Quand l’investissement en temps de vie a du sens

Cela ne veut pas dire qu’augmenter le temps de repos est toujours une mauvaise décision. Pour les attractions de destination, celles nécessitant des déplacements importants, une expérience plus longue justifie absolument le voyage et favorise une hausse des prix des billets. Les nuitées, les offres de style resort et les passes de plusieurs jours bénéficient tous d’une véritable profondeur de contenu.

La différence essentielle est de savoir si le temps de séjour supplémentaire est motivé par des expériences authentiques que les visiteurs souhaitent vraiment, ou si c’est simplement là pour prolonger la journée. Michael Collins note que dans les parcs à thème, les visiteurs peuvent passer 45 minutes par attraction simplement à faire la queue. Que cela soit acceptable reste discutable, mais dans tous les cas, la durée du séjour en est expliquée. Dans les types d’attractions avec moins d’investissements en capital par unité de capacité, les files d’attente posent moins de problème et la visite est naturellement plus active et intense. Dans ces contextes, l’argument en faveur d’un temps de séjour plus long en ingénierie devient encore plus faible.

Les visiteurs sont de plus en plus doués pour percevoir la différence, et ils n’hésitent pas à le dire dans les avis.

Un nouveau critère à considérer

Peut-être que l’industrie a besoin d’un indicateur complémentaire en plus du temps de séjour : ce qu’on pourrait appeler l’intention de retour par heure. En d’autres termes, quelle est la probabilité qu’un visiteur revienne, divisé par la durée de son séjour ? Une attraction qui génère de fortes visites de retour de la part des invités ayant séjourné trois heures peut surpasser une attraction ayant des temps d’hébergement plus longs mais une fidélité moindre. Michael Collins reconnaît que la durée du séjour est importante, mais pas le seul critère pour mesurer la manière dont une expérience est reçue.
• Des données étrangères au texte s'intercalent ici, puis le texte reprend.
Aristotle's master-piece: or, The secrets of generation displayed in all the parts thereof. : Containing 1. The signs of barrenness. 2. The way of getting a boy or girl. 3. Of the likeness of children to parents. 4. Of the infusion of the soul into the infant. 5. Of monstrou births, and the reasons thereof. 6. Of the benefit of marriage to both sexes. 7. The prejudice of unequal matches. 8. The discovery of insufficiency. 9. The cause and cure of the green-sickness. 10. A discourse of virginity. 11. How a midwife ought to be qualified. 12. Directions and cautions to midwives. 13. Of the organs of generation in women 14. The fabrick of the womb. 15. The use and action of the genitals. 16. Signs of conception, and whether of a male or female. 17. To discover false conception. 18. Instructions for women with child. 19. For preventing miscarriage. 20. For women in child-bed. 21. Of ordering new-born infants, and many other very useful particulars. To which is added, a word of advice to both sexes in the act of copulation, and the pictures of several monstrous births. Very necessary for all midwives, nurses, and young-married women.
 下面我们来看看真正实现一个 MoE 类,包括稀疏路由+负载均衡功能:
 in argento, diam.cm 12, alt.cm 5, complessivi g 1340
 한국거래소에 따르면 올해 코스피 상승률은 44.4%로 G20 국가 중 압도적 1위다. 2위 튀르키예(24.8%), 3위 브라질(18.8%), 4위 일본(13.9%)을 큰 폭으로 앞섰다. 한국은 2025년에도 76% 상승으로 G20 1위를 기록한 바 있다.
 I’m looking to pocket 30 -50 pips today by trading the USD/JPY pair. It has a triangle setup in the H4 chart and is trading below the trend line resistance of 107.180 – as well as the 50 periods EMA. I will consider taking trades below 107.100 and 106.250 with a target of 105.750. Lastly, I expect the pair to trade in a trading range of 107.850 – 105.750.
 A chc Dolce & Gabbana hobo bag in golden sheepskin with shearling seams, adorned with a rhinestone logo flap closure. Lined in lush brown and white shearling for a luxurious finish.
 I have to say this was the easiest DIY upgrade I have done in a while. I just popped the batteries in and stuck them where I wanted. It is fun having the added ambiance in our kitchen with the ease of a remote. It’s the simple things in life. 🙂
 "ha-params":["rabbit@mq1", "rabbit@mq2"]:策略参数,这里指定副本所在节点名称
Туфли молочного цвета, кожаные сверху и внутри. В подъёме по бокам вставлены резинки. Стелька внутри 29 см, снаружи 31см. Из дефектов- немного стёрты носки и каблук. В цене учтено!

Il s’avère que l’industrie dispose peut-être déjà de certains des outils mathématiques nécessaires pour envisager cela différemment. Selon Tony Sefton de Vision XS, ils utilisent un framework appelé EQS depuis 1996, qui combine le temps actif de l’expérience et les expériences par heure avec les données de référence sur ce que les visiteurs souhaitent réellement. Le résultat est ce que Tony Sefton appelle le « rythme de l’expérience », une mesure qui capture quelque chose que le temps de séjour seul ne peut tout simplement pas. Avec un chapitre complet sur le sujet dans son prochain livre, il est clair que cette réflexion existe depuis plus longtemps que beaucoup d’entre nous ne le pensent.

L’objectif, en fin de compte, n’est pas de retenir les visiteurs à l’intérieur des portes aussi longtemps que possible. C’est pour les renvoyer chez eux heureux, avec un fort désir de revenir pour en avoir plus.